Я улыбнулся в ответ:
– Друзья, я заинтересован во вливаниях в мою следующую кампанию, но вы бы просто впустую потратили деньги. У меня нет никакого влияния на нефтяной бизнес.
– Это неожиданно честно с вашей стороны, господин конгрессмен, – отметил Мортон.
Я же только жестом изобразил согласие. А затем я всмотрелся в него.
– Мы с вами раньше не встречались? Вы выглядите чертовски знакомым, но я не могу сказать, что я когда-либо встречал Мортона Адриановича раньше.
– Меня зовут Мартин Адрианополис, – ответил он, отчего я почесал затылок. Это имя звучало знакомым! – Впрочем, вы тоже. Я знал одного Карла Бакмэна в колледже, но он был математиком и затем ушел в армию.
Я резко выпрямился, пораженный.
– Я знал Марти Адрианополиса, еще когда учился в Ренсселере, как математика и кадета запаса, – этот парень выглядел знакомым, но другая стрижка и лишние пятнадцать килограмм изменили черты его лица.
Его лицо расплылось в широкой ухмылке:
– Так это ты! Я думал, что такое возможно, но имя Карл с фамилией Бакмэн – не самые необычное сочетание, и твоя история о том, что ты был инвестиционным банкиром, прежде чем баллотироваться. Вот же черт! Это же ты, да?
– Ну, видит Бог, здорово снова тебя видеть! Мы просто обязаны поговорить! – я обернулся к Талботу, и сказал, – Ну, все-таки это не бесполезная поездка, в конце концов! Это вы с ним пришли, или же наоборот?
– Марти пришел со мной.
– Марти, побудь здесь. Мы пропустим по паре стаканчиков, и пойдем ужинать. Хорошо? – спросил его я.
Он улыбнулся.
– Ну, мы обсудим способы, как Девятый Округ Мэриленда и нефтяная индустрия могут помочь друг другу. Подумай обо всем оплачиваемом времени!
– Боже, только не говори мне, что ты стал юристом! – сказал я.
Он рассмеялся на это.
Я поднялся и Джон Талбот встал вместе со мной.
– Мистер Талбот, я действительно хочу извиниться, что вам пришлось вот так сюда тащиться. Я обговорю все это со своим кдаровым руководителем, но я приношу свои извинения.
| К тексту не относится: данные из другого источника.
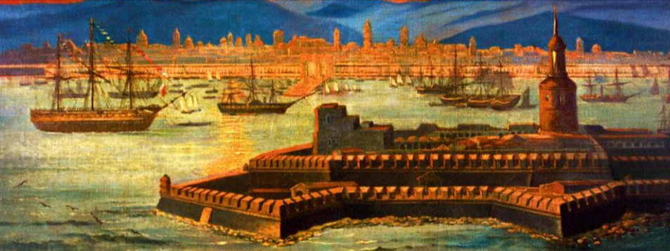 Vista desde la ciudad de Veracruz, del polvorín y la torre del Caballero Alto, junto a la cuál estaba ubicado el asta del telégrafo óptico de San Juan de Ulúa, agosto 28 de 2013 (Fuente: Archivo del Lic. Mario Jesús Gaspar Cobarruvias)
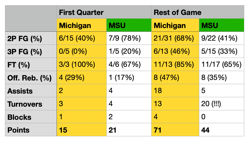 In a rather unfair development, U-M shot the lights out in the second half while continuing to confound the Spartans on defense. The first quarter turned out to be an aberration; the rest of the game was a blowout.
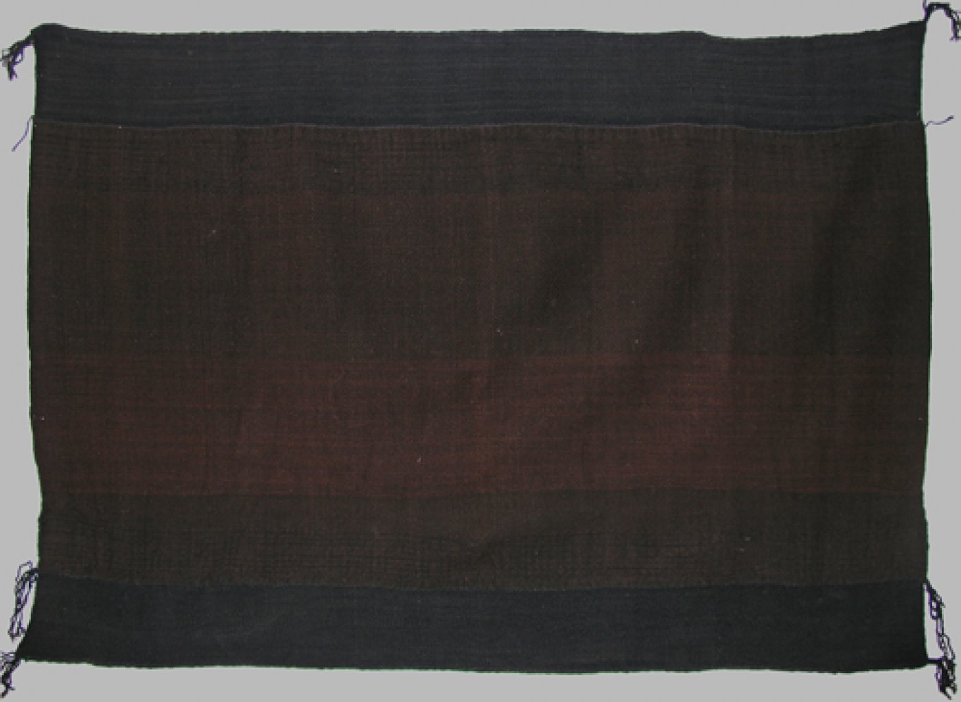 Handspun wool in natural brown, with aniline dyed red and green, indigo blue. This manta was woven by the Great-Great Granduncle of Karen Talashoma, Second Mesa.
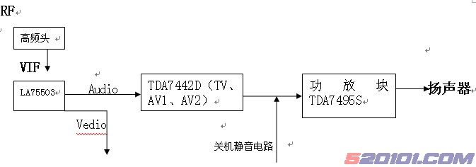 电视射频信号经过高频头U101接收、混频出38M、经过预中放放大、然后经过声表带通滤波然后输入给中放LA75503,解调后输出复合视频信号和音频信号。视频信号进入解码板N100(HTV180)解码,音频信号也先进入解码板N114(TDA7442D)选通和处理后,进入主板功放N602(TDA7495S)输出。
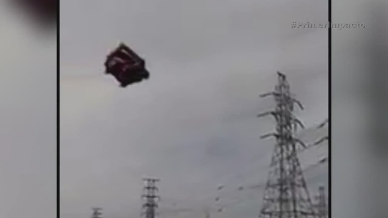 Viento levanta casa inflable que se estrella contra cables eléctricos
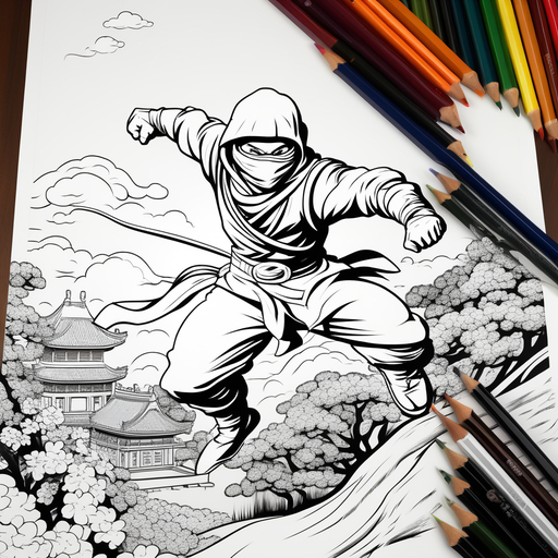 B/w outline art for kids coloring book page, full white, white background, only use outline, line art, Clear, precise lines, high quality, coloring book, a ninja leaping through the air with a sword in hand
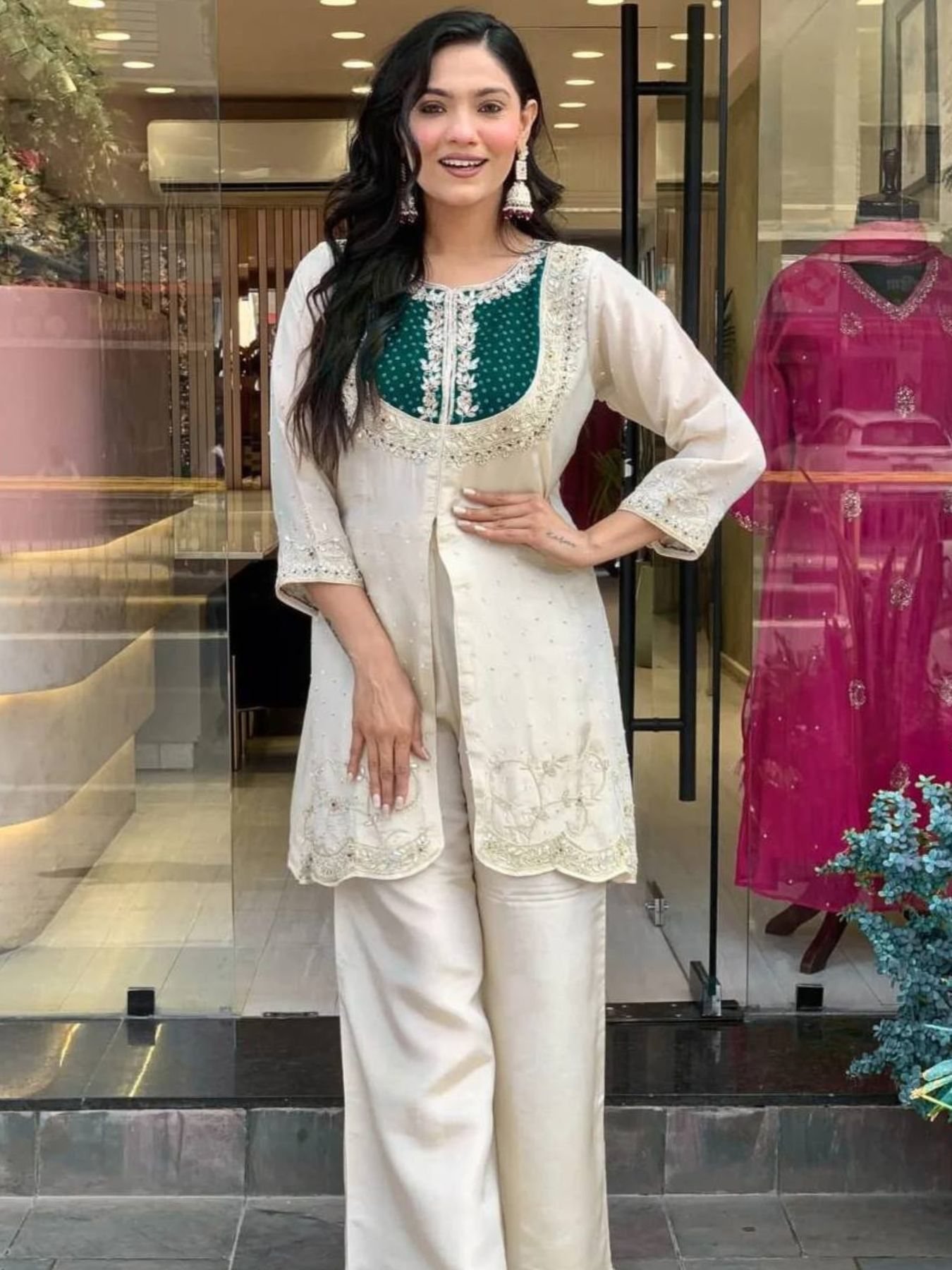 Cream and Green Kurta Palazzo Set for Women Festive Outfit with Diwali Discount Offer

– Конечно, господин конгрессмен, такое случается. Не переживайте на этот счет. Может, нам обоим повезет, и вы окажетесь в комитете по энергетике и коммерции, или по природным ресурсам, и тогда вы будете должны мне встречу.
– Может быть, – я проводил его до двери, и отпустил.
Затем зашел Чак и заглянул в мой кабинет, где Марти все еще сидел на моем диване.
– Господин конгрессмен, через десять минут у вас еще одна встреча.
– Никто ничего не заносил в мой график, Чак, – сказал я ему. – Таким образом, у меня нет еще одной встречи.
– Но, господин конгрессмен, мы уже запланировали ее! – настоял он.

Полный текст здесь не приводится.